* Task requirements *
Check every line below for the word "from" and copy each one that has it.

* Supplied material *
- - - -

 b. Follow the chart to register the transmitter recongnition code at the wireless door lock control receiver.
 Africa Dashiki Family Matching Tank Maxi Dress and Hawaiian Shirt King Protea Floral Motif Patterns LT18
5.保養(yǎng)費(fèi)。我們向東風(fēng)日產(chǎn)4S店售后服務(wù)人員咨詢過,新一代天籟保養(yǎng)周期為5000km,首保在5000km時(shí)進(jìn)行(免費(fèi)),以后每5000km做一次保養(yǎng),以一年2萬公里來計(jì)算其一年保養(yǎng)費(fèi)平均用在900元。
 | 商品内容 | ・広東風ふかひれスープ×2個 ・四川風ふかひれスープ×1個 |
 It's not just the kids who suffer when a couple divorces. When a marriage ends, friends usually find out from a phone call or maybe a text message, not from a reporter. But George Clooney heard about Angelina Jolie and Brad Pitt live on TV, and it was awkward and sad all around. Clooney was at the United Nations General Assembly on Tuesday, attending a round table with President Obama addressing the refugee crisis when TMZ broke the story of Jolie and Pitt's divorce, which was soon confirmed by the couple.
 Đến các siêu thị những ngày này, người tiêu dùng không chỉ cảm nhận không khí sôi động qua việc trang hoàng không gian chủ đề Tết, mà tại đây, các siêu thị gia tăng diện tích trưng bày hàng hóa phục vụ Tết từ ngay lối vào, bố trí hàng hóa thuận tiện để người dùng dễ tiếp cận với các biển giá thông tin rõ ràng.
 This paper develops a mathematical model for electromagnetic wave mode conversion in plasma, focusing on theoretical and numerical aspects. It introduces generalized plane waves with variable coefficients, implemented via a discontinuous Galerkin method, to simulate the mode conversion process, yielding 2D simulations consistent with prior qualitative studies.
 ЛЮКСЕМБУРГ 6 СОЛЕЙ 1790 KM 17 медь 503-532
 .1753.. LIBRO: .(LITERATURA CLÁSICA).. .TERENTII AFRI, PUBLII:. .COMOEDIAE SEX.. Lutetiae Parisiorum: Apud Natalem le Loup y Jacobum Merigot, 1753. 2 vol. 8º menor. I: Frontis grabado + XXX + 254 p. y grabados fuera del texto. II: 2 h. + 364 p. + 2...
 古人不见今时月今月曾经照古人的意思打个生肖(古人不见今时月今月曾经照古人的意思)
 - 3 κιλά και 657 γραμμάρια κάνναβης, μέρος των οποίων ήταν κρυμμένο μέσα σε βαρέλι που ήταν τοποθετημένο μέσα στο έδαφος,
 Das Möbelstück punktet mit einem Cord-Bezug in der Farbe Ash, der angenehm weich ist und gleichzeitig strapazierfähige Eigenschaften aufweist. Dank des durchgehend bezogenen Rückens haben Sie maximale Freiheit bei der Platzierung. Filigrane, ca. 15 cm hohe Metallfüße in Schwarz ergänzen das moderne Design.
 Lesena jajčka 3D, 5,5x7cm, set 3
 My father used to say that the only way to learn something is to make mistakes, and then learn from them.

- - - -

* Solution to this task *
 It's not just the kids who suffer when a couple divorces. When a marriage ends, friends usually find out from a phone call or maybe a text message, not from a reporter. But George Clooney heard about Angelina Jolie and Brad Pitt live on TV, and it was awkward and sad all around. Clooney was at the United Nations General Assembly on Tuesday, attending a round table with President Obama addressing the refugee crisis when TMZ broke the story of Jolie and Pitt's divorce, which was soon confirmed by the couple.
 My father used to say that the only way to learn something is to make mistakes, and then learn from them.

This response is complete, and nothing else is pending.